▸ **Data records**
◆ ◆ ◆ ◆
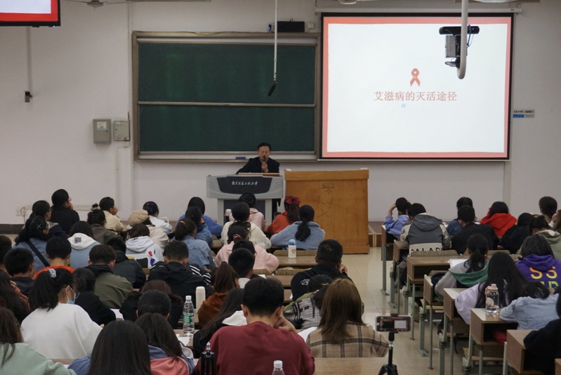 殷主任首先向大家介绍了如何认识和预防艾滋病。他以生动的案例,向大家普及艾滋病的传播途径和主要流行因素,如:吸毒、不安全性行为、人口流动迁徙频繁等,并结合当下该病的低龄化形势,告诫同学一定要高度重视、注意防范。他向同学们讲解了艾滋的起源、发病阶段、病原学特点等相关知识。他认为,同学们在了解艾滋的概念及其传播途径的同时,也要积极向公众宣传和呼吁,为艾滋的解疑和普及贡献一份绵薄力量。
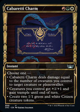 Near Mint Single Cabaretti Charm Showcase Frame Streets of New Capenna collector number #300Uncommon Red, Green, White, Naya Instant with art by Jérémie Solomon
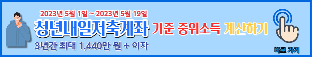 중앙부처복지 사업의 일환으로 일하는 기준중위계층 청년들의 자산형성지원을 통해 사회에 안정적으로 안착할 수 있게 도움을 주는 사업으로 2023년 「청년내일저축계좌」2023년 5월 1일부터 신청을 받습니다.
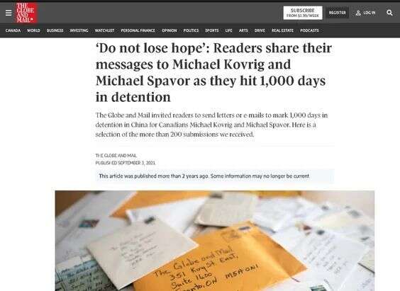 然而,尽管两人很快就对我方认罪悔罪,可加拿大从政府到媒体,乃至两人的家人,还有其他美西方媒体,却都坚称两人不是间谍,是被“冤枉”的。加拿大的《环球邮报》甚至还在两人被我方羁押满1000天的时候,煽动加拿大民众通过加拿大驻华大使馆给两人写信去支持他们。
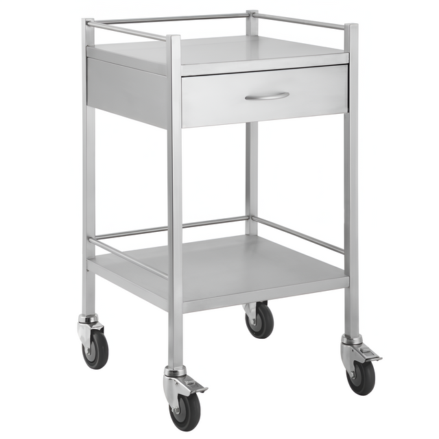 The CubicHealth Stainless Steel Single Trolley with 1 Drawer offers a convenient storage solution for medical supplies. The single drawer provides easy access to smaller items, while the open area below allows for larger equipment. The stainless steel design ensures long-lasting durability and easy cleaning.
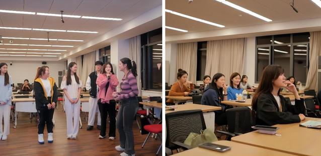 上海戏剧学院电影学院团总支书记、学生会指导老师马耀祖为上海戏剧学院与华东师范学院的学生骨干们进行了一个小小的“破冰”,同学们进行了一个30s的vlog视频制作练习,鼓励两校同学进行合作。练习结束,同学们进行视频分享,交流讨论,及时提出问题,有效促进两校同学之间的交流合作。
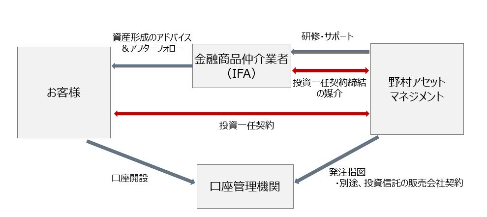 当社は、当サービスにおいて、自ら設定・運用する5本の投資信託を用いて、お客様のリスク許容度に応じた運用を行います。投資期間中は、金融商品仲介業者がアドバイザーとしてお客様に伴走し、ゴール達成に向けて資産形成等に向けた助言を行います。また、当社は、投資信託の販売員向けに実施している研修プログラムなどと同様の充実したサポートを、アドバイザーに対しても提供します。
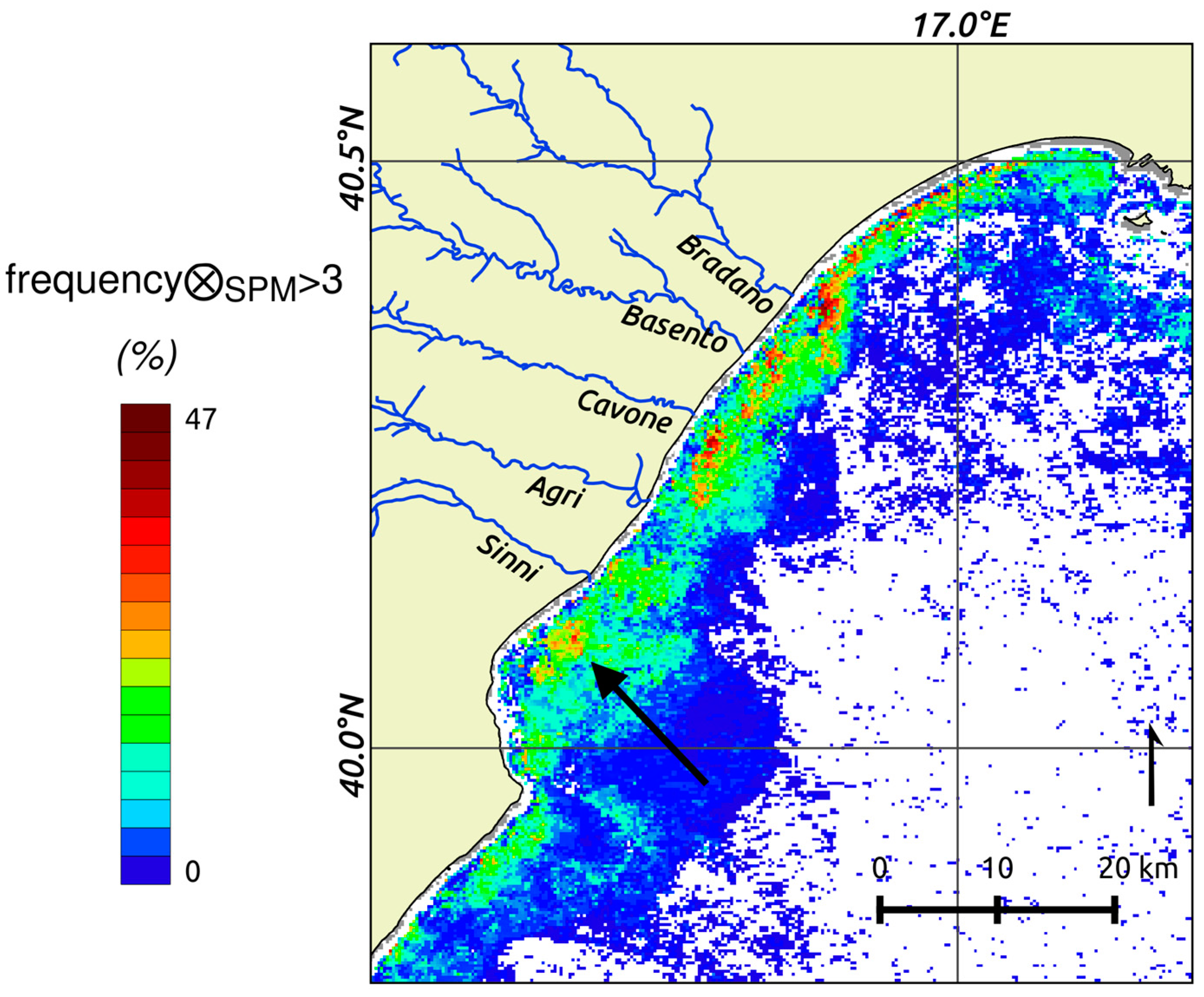 The RST-based analysis performed at daily scale to study the December 2013 event was extended to the whole December 2003–2015 dataset to identify the BRCW areas most seriously affected by anomalous SPMc values. To this aim ⊗SPM(x, y, t) was computed all over the time period considered, and the ⊗SPM(x, y, t) > 3 occurrence frequency was computed for each pixel of the study area. Results are reported in Figure 12 in terms of percentage of occurrence with respect to the total images considered for the reference field computation at pixel level (Figure 5c). Besides some spurious and isolated pixels far from the coast, the higher frequency of occurrence was found near the coast, with a pattern very similar to that obtained studying the December 2013 event. Orange-red pixels in Figure 12 highlight those pixels where [frequency⊗SPM(x, y, t) < 3] is higher than 20%, which are mainly located in front of the Bradano, Basento and Cavone river mouths. Another area of persistence, located South of the Sinni mouth (black arrow in Figure 12), does not seem to be directly connected to any river mouth and is likely to correspond to an SPM accumulation due to the currents or resuspension phenomena. The dispersion direction of each river plume is also observable—the Bradano, Basento and Cavone plumes follow the North-East/South-West direction, while the Agri and Sinni plumes are hardly distinguishable. The highest ⊗SPM(x, y, t) > 3 occurrence frequency was found in front of the Bradano river mouth (47%). On the other hand, an area with a low frequency of SPMc anomaly occurrence is located in front of the Agri mouth, in agreement with the river levels measured.
◆ ◆ ◆ ◆
▸ **WHAT IS EXPECTED**
Each record must be returned exactly as it stands, and the images omitted.

▸ **ANSWER SECTION**
 殷主任首先向大家介绍了如何认识和预防艾滋病。他以生动的案例,向大家普及艾滋病的传播途径和主要流行因素,如:吸毒、不安全性行为、人口流动迁徙频繁等,并结合当下该病的低龄化形势,告诫同学一定要高度重视、注意防范。他向同学们讲解了艾滋的起源、发病阶段、病原学特点等相关知识。他认为,同学们在了解艾滋的概念及其传播途径的同时,也要积极向公众宣传和呼吁,为艾滋的解疑和普及贡献一份绵薄力量。
 Near Mint Single Cabaretti Charm Showcase Frame Streets of New Capenna collector number #300Uncommon Red, Green, White, Naya Instant with art by Jérémie Solomon
 중앙부처복지 사업의 일환으로 일하는 기준중위계층 청년들의 자산형성지원을 통해 사회에 안정적으로 안착할 수 있게 도움을 주는 사업으로 2023년 「청년내일저축계좌」2023년 5월 1일부터 신청을 받습니다.
 然而,尽管两人很快就对我方认罪悔罪,可加拿大从政府到媒体,乃至两人的家人,还有其他美西方媒体,却都坚称两人不是间谍,是被“冤枉”的。加拿大的《环球邮报》甚至还在两人被我方羁押满1000天的时候,煽动加拿大民众通过加拿大驻华大使馆给两人写信去支持他们。
 The CubicHealth Stainless Steel Single Trolley with 1 Drawer offers a convenient storage solution for medical supplies. The single drawer provides easy access to smaller items, while the open area below allows for larger equipment. The stainless steel design ensures long-lasting durability and easy cleaning.
 上海戏剧学院电影学院团总支书记、学生会指导老师马耀祖为上海戏剧学院与华东师范学院的学生骨干们进行了一个小小的“破冰”,同学们进行了一个30s的vlog视频制作练习,鼓励两校同学进行合作。练习结束,同学们进行视频分享,交流讨论,及时提出问题,有效促进两校同学之间的交流合作。
 当社は、当サービスにおいて、自ら設定・運用する5本の投資信託を用いて、お客様のリスク許容度に応じた運用を行います。投資期間中は、金融商品仲介業者がアドバイザーとしてお客様に伴走し、ゴール達成に向けて資産形成等に向けた助言を行います。また、当社は、投資信託の販売員向けに実施している研修プログラムなどと同様の充実したサポートを、アドバイザーに対しても提供します。
 The RST-based analysis performed at daily scale to study the December 2013 event was extended to the whole December 2003–2015 dataset to identify the BRCW areas most seriously affected by anomalous SPMc values. To this aim ⊗SPM(x, y, t) was computed all over the time period considered, and the ⊗SPM(x, y, t) > 3 occurrence frequency was computed for each pixel of the study area. Results are reported in Figure 12 in terms of percentage of occurrence with respect to the total images considered for the reference field computation at pixel level (Figure 5c). Besides some spurious and isolated pixels far from the coast, the higher frequency of occurrence was found near the coast, with a pattern very similar to that obtained studying the December 2013 event. Orange-red pixels in Figure 12 highlight those pixels where [frequency⊗SPM(x, y, t) < 3] is higher than 20%, which are mainly located in front of the Bradano, Basento and Cavone river mouths. Another area of persistence, located South of the Sinni mouth (black arrow in Figure 12), does not seem to be directly connected to any river mouth and is likely to correspond to an SPM accumulation due to the currents or resuspension phenomena. The dispersion direction of each river plume is also observable—the Bradano, Basento and Cavone plumes follow the North-East/South-West direction, while the Agri and Sinni plumes are hardly distinguishable. The highest ⊗SPM(x, y, t) > 3 occurrence frequency was found in front of the Bradano river mouth (47%). On the other hand, an area with a low frequency of SPMc anomaly occurrence is located in front of the Agri mouth, in agreement with the river levels measured.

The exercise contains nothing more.